In Deutschland erkranken mittlerweile pro Jahr
rund 48 000 Frauen an Brustkrebs. In Baden-Württemberg sterben jedes Jahr laut Statistischem Landesamt
in Stuttgart mehr als 2000 Frauen daran (1952: knapp
800, 1961: 1110, 1987: 2007, 2000: 2242).
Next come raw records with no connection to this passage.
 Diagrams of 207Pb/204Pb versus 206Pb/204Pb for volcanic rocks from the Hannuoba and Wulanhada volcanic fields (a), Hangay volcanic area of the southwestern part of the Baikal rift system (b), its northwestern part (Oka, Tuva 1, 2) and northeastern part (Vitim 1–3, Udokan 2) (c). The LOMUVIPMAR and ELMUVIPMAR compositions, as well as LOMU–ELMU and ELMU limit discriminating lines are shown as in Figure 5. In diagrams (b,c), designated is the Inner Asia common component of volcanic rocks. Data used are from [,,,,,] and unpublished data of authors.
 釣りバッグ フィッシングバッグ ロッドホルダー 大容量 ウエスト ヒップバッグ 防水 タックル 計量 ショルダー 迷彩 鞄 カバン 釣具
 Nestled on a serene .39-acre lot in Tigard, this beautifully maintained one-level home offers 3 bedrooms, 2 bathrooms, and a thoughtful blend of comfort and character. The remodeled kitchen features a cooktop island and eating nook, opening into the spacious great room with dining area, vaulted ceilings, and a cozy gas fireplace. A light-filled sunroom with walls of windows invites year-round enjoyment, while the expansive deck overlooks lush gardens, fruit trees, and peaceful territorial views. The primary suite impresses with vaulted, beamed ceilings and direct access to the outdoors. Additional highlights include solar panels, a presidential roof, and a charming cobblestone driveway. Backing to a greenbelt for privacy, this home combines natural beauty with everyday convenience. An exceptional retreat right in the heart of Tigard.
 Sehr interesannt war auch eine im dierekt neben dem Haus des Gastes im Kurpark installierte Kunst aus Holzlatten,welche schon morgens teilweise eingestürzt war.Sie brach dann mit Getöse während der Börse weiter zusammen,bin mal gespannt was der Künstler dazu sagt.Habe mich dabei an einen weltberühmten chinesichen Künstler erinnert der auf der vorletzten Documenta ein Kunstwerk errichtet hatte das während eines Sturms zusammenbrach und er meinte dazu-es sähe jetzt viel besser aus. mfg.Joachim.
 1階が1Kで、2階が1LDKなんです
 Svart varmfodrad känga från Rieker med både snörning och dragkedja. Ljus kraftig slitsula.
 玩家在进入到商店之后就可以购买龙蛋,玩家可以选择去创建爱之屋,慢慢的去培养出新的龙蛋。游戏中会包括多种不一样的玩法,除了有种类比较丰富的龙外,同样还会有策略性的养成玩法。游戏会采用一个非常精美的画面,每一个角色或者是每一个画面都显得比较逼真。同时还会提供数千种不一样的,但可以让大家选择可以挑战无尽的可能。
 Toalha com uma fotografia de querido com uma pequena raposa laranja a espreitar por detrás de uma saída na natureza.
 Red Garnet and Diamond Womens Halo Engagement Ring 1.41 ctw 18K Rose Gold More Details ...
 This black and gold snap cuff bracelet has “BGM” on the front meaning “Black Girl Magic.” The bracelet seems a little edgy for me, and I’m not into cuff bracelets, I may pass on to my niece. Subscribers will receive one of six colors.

Das mag zum Teil an nicht wahrgenommener Vorsorge, zum Teil aber auch an mangelhafter Vorsorge
liegen, denn heute, so der Ärztliche Direktor der
Tübinger Universitäts-Frauenklinik Prof. Diethelm
Wallwiener, liegt die Heilungs-Chance bei Tumoren
unter einem Zentimeter bei bis zu 90 Prozent. „ Je
kleiner der Tumor, desto größer die Chance einer
Dauerheilung!“
Deshalb hält er auch das nach wie vor kontrovers
diskutierte Brustscreening mit Tastuntersuchung für
sinnvoll. „Bei jungen Frauen bringt der Ultraschall viel,
doch bei Frauen ab 40 ist die Mammographie nötig“,
sagt er. Mit ihr lassen sich schon die kleinsten
Tumoren und vor allem auch die winzigen Partikel der
Mikrokalke aufspüren, die die ersten Hinweise auf
eine Krebsvorstufe sein können.
Frauen, die in der Frauenklinik Hilfe suchen,
profitieren von einem Charakteristikum der Tübinger
gynäkologischen Onkologie: der engen fächerübergreifenden Zusammenarbeit mit den Radiologen,
Strahlentherapeuten und Pathologen. Der Einsatz
modernster Mammographie-, Ultraschall- und Biopsie-Techniken, die körperlich und psychisch deutlich
weniger belastende minimal invasive Chirurgie, die
heute bei Tumoren im Bauchraum, zur Gebärmutterentfernung und bei Brusttumoren wo möglich angewendet wird, haben zusammen mit der rasanten Entwicklung der Molekularbiologie und der Nutzung
erster Medikamente aus der Genomforschung (Antikörper) zu neuen Konzepten in Diagnostik und
Therapie geführt.
So erfolgen heute laut Wallwiener mehr als zwei
Drittel der radikalen Tumorentfernungen brusterhaltend durch Wiederaufbau mit körpereigenem Gewebe. In diesen Fällen ist eine Nachbehandlung mit
Bestrahlung zwingend.
Die Operation ist heute generell nicht mehr nur
Operation, sondern Teil eines Gesamttherapiekonzepts, zu dem Strahlen- und medikamentöse Therapie
als unterstützende (adjuvante) Behandlung gleichermaßen gehören – in der Fachsprache nennt sich das
multimodale (Baustein-Komponenten-) Therapie.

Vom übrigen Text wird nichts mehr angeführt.